My friend Ali told me about her middle school science project, one afternoon on the Hotline. She was testing the effects of watering a houseplant with vinegar. A real-world problem, if you think about acid rain and then lower the pH by a few notches. Like power aging of SAW devices, this was power acid-raining of houseplants. A good young scientist, Ali included a control plant that she watered with H2O from the tap. The vinegar plant lost all its leaves in two weeks. Unfortunately so did the control plant. So she performed a Holmesian Maneuver and glued the leaves back onto the control plant.


On my second day of the AT&T internship, after a day of power aging for the SAW device and a good night’s sleep for me, I unsoldered the device from the rig and took it to the measurement lab. In that lab were an engineer, two technicians, and the measurement station, busily buzzing about.


The guys showed me how to take the measurement: You plug the device into a socket, and then start up a computer program. A computer program, back in 1982! Now this was Bell Laboratories, cutting edge to the max! After ten minutes, the program plotted the device’s current-voltage curve on the dot-matrix printer. The shape of the curve would tell you whether the device was still operating properly, starting to fail, or completely dead. These guys were measuring every single device, because quality control of the signal regenerators was critical.

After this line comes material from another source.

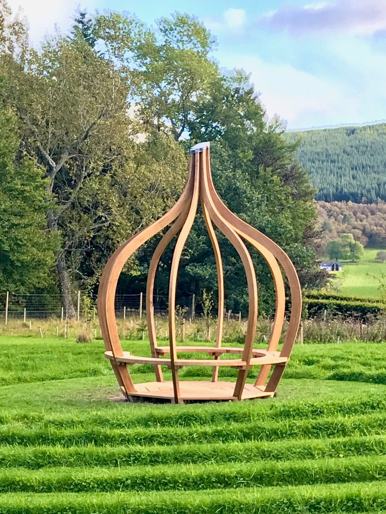 Our most Northerly Onion so far. Located in the Glenrinnes Organic Farm and Estate, just south of Inverness in Banffshire and on the top edge of the Cairngorms National Park. Set as the centrepiece of a grass labyrinth the Onion offers amazing panoramic views beyond the newly planted woodland.

How many of them are bad? I asked---really just to make conversation. I didn’t get to see humans all that often during the workday.


About half of them, they answered.


Hmmm. That's a lot of dead devices, I said. I had a thought.


So I said, what if we could do a quick measurement up front, just to see if the device is completely dead? Then we could weed out the dead ones right away and reserve the full-blown current-voltage characterization, the ten-minute version, for the others.


They got excited. I think they had dull jobs, too.


Now, I’d take one computer science class in college, and programmed an Apple Lisa to turn a light bulb on in a physics lab, so I was pretty much an expert. I took the program they had, and derived a short-n-sweet version the next day that told them in fifteen seconds whether or not the device was totally dead. It was the most fun I'd had all summer, other than talking on the Hotline with Ali. Could have been the most fun they had all summer, too. The engineer and technicians thanked me for making their work easier, more efficient. High fives all around. We had high fives back then, but not fist bumps.


I wondered what they were going to do with their extra time. Surely they’ve already read all the SAW articles.


I was pretty pleased with myself, felt a sense of accomplishment. I’d done something useful! I'd made people happy! Then Thryg found out. He called me into his office and reprimanded me for interfering with the work of the quality control group. Stick to reading the surface acoustic wave papers, he said.


I learned a two things that summer: 1) soldering, and 2) ask what your job will be like before you agree to it. These have served me well.


At the end of the summer, I took off to graduate school for a decade, to lick my wounds and delay getting a real job. Those didn't look like much fun.